Typical Market Bounceback Gives Investors One More Chance to Reallocate
I will repeat what I shared on WHA’s Facebook page and Twitter last week:
Just Another Dip to Buy?
The funny thing is that many will just assume another small correction on their march to unlimited profits. They won’t pay attention to details such as:
whether their stocks performed more poorly than the market, in such ways as not bouncing back as much or not at all!
They’ll keep their same holdings – even though the Moday dip was past their comfort level and even though their holdings were unusually weak or highly correlated (meaning not well diversified).
Smart portfolio managers – and yes even if you’re running your own 50k portfolio, you are a portfolio manager – are cognisant of their risks. Cognisant at both the individual stock level:
- Company risk (management, execution, competition, etc)
- Industry risk (rental DVD’s anyone?)
and the portfolio level. That means
- too much in the same kind of stock
- No diversification away from stocks
Your Plan to Reallocate Is…
What are you doing or did you do to adjust to the market character change which has been going on since June?

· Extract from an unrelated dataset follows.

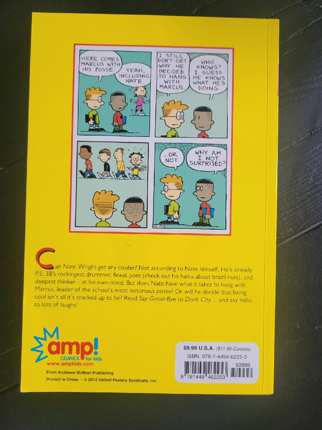 Selling the book 'Big Nate: Say Good-Bye to Dork City' by Lincoln Peirce. It's a comic book for kids published by Andrews McMeel Publishing. Originally retailed for $11.99 CAD

Since before the summer the market has been flat. We’ve had some strong down days in the market. This is often a clue that large institutions are selling. And we witnessed a struggle for most stocks to make headway. Most of the positive action was in a small group of strong performers which I have come to term the new “Nifty 50” in reference to a similar occurrence in the late 1960s and early 1970s.
High volume down days and market leadership in a narrow group of stocks are often tell tale signs that some kind of top is in place. You never know if it’s a major top or just a correction in a continued uptrend until AFTER. But when you get these slowdowns, it often makes sense to reassess.
For example, if you follow certain teachings, you would have risk management plans in place. Trader, newsletter author and author Stan Weinstein would call these flat times “stage 3” after a market advance and advise traders to go to cash and investors to cut back.
Investors Business Daily founder William O’Neill often advises taking profits on stocks after they move up 20-25% in most cases and has stop loss rules.
Trader and author Peter Brandt teaches limiting risk on each trade so that your system likely puts you in cash as markets weaken (or puts you short).
And even value investors like Warren Buffet, Dan Loeb and Seth Klarman act differently in market tops. They buy special situations that they know well but hold A LOT of cash. Check the cash ratio of value investors’s funds to see where we are in the market cycle. I’m sure you will find MUCH higher levels of cash than you would’ve in 2009.
Your Second Chance
The conclusion – if world class investors change tactics near market tops, why shouldn’t you? What can the little guy do you ask? First off you are getting a second chance after Monday’s drubbing to do SOMETHING. If something needs to be done that is. You can do anything the big guys do, especially with the knowledge and ease of investing today. You could:
- keep a bit more cash than you usually do in your portfolio like the value guys
- keep stop losses like the traders – Brandt, O’Neill and Weinstein
- Rotate/reallocate to a more conservative portfolio as the fully invested crowd would (and is) do (ing).
- use options to protect a portfolio as my Twitter friend David Pinsen would advise (@dpinsen & portfolioarmor.com)
None of these ideas are recommendations of course. You have to choose your own path. You won’t be happy following mine. And this is true with my clients. I am a financial planner, not a portfolio manager. So I have to encompass my clients’ values and beliefs, along with their goals and emotions, into their portfolio.
Some clients are index investors who want to be fully invested and buy dips, some are safe annuity types, and some believe that we are on the precipice and should be conservative and own some gold.
So each of these people would have their own style. You should have yours. What is yours? And if you can’t answer, it’s time to think about it. talk to your financial planner and get a strategy that matches YOU and works for you. And take the second chance to clean up your portfolio that the market is giving you right now.